The Redirection of Cultural Criticism in nineteenth-century Britain: John Ruskin's Art Criticism and Thought of Social Reform
Perhaps the strongest theme in nineteenth-century English literature was criticism of industrial society and the utilitarian and laissez-faire philosophies that went with it. From the Romantic poets at the beginning of the century to the aesthetes of the end, literary artists expressed a revulsion from industrial society, its urban blight, its entrepreneurial class and entrepreneurial values. The underlying themes in the tradition were that the new society left little space for art and imagination, that it fragmented both the cohesiveness of the national community and the human integrity of its members.
Ramond Williams has demonstrated that the imaginative reaction to industrial society and thought in England generated a concept of 'culture' itself. The tradition of 'cultural criticism' originated from this tradition of regarding culture as going against the grain of industrial life and thought. In this tradition artist, or serious writer, or 'genius' was seen as a special kind of person, and often as one who opposed central features of the new society. Their task was to save society from the social sins, the political catastrophes and the moral degradation that industrial life and values carried in their wake. Art, according to Victorian thought, was to be used to redeem society.
However, in late-Victorian life some leading literary people were repelled by the continuing expansion of bourgeois mores and styles, and were bewildered by the fracturing of their old audience and by the rise of a new one with which they had no contact and little sympathy. Literary writers also experienced a loss of confidence because of the rise of natural science and the decline of religion. They lost their assurance that they could reach all the politically-effective members of society. For these reasons, they sensed that literature was no longer as central to English culture as it once had been. And the idea of debasement of taste was their rationalization of the predicament.
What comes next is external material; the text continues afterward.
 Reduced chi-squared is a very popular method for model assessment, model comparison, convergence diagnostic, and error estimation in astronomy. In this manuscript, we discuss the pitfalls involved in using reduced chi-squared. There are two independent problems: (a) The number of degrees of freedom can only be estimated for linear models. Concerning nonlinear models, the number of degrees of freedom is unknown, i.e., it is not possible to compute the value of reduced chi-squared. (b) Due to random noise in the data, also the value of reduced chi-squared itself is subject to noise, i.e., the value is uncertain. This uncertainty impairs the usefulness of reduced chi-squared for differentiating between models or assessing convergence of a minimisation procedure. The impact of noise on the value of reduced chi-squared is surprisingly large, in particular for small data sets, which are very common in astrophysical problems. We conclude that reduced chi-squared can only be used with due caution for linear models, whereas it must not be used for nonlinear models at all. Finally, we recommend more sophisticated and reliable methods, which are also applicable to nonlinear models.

The sense of the debasement of taste and all that it presented was the context which reshaped and redirected the tradition of cultural criticism. The pivotal figure in the redirection of the tradition was John Ruskin, himself an eminently Victorian prophet. In Ruskin's work of which the best was produced between 1843(the first volume of Modern Painters) and 1875(the early parts of Fors Clavigera), there is an ideal of the wholeness of human beings and the coherence of society which reached back to both Shelley and Coleridge. He added to the tradition of cultural criticism the notion that art is the product of the whole ethos of society : great art is the product of morally sound society, bad art is the result of a morally corrupt society.
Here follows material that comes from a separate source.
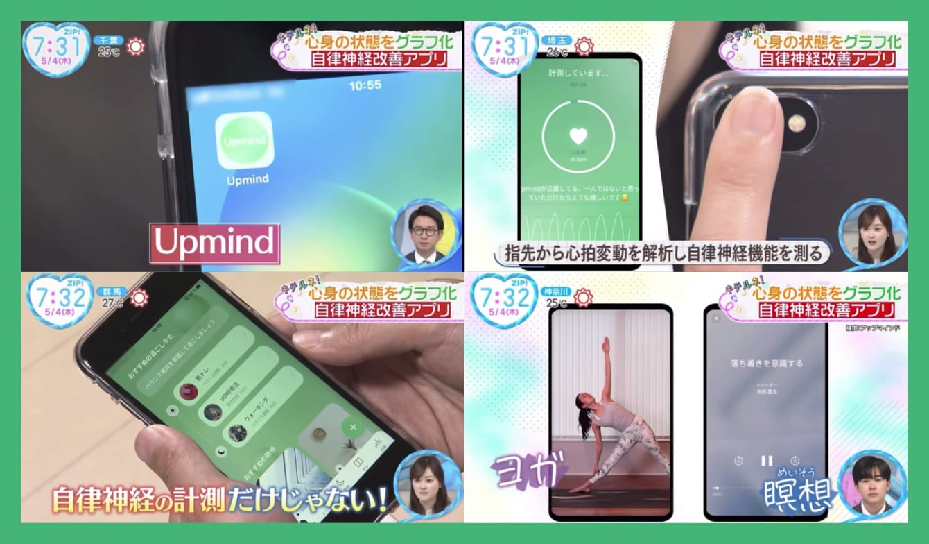 日本テレビZIP!の「キテルネ!」コーナーでヘルステックとしてUpmindをご紹介頂きました。今後も、より多くの方が身近に取り入れやすいヘルスケアの手段として浸透できるようサービス改善に取り組んでまいります。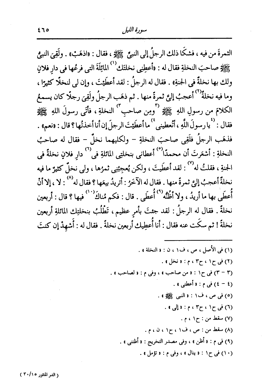الثمرة من فيه فشكا ذلك الرجل إلى النَّبِيّ صلى الله عليه وسلم فقال : اذهب ولقي النَّبِيّ صلى الله عليه وسلم صاحب النخلة ، فقال له : أعطني نخلتك المائلة التي فرعها في دار فلان ولك بها نخلة في الجنة ، فقال له الرجل : لقد أعطيت وإن لي لنخلا كثيرا وما فيه نخل أعجب إلي ثمرة منها ، ثم ذهب الرجل ولقي رجلا كان يسمع الكلام من رسول الله صلى الله عليه وسلم لصاحب النخلة فأتى رسول الله : فقال أعطني ما أعطيت الرجل إن أنا أخذتها ، قال : نعم فذهب الرجل فلقي صاحب النخلة ولكليهما نخل فقال له صاحب النخلة : أشعرت أن محمدا أعطاني بنخلتي المائلة إلى دار فلان نخلة في الجنة فقلت : لقد أعطيت ولكن يعجبني ثمرها ولي نخل كثير ما فيه نخلة أعجب إلي ثمرة منها فقال له الآخر : أتريد بيعها فقال : لا إلا أن أعطى بها ما أريد ولا أظن أعطى ، قال : فكم تؤمل فيها قال : أربعين نخلة فقال له الرجل : لقد جئت بأمر عظيم تطلب بنخلتك المائلة أربعين نخلة ، ثم سكت عنه فقال : أنا أعطيك أربعين نخلة فقال له : أشهد إن كنت

Ruskin thought the hideous ugliness of industrial England reflected the moral ugliness of its makers. And capitalist industrialism delights itself in the defilement and degradation of all the best gifts of its God by its deformed values. Among the worst of its features was the erosion of the full humanity of its workers: by the principle of the division of labour, and by the subordination of men to machines, capitalist industry turned men into machines, capitalist industry turned men into machines.
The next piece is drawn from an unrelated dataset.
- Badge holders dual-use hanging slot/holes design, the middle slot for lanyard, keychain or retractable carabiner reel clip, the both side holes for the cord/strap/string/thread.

In his broad declaration, "There is no wealth but life," as in his unceasing stress upon the need of good work for all men, Ruskin has laid down as the foundation-stone of social theory the organic relation between work and life, between production and consumption. J. A. Hobson was deeply smitten by Ruskin's vision of the organic nature of economic society. Hobson, William Morris, and the later tradition of English guild socialism learned from Ruskin that the logical step from aesthetic criticism of English society was more or less extensive social rearrangement.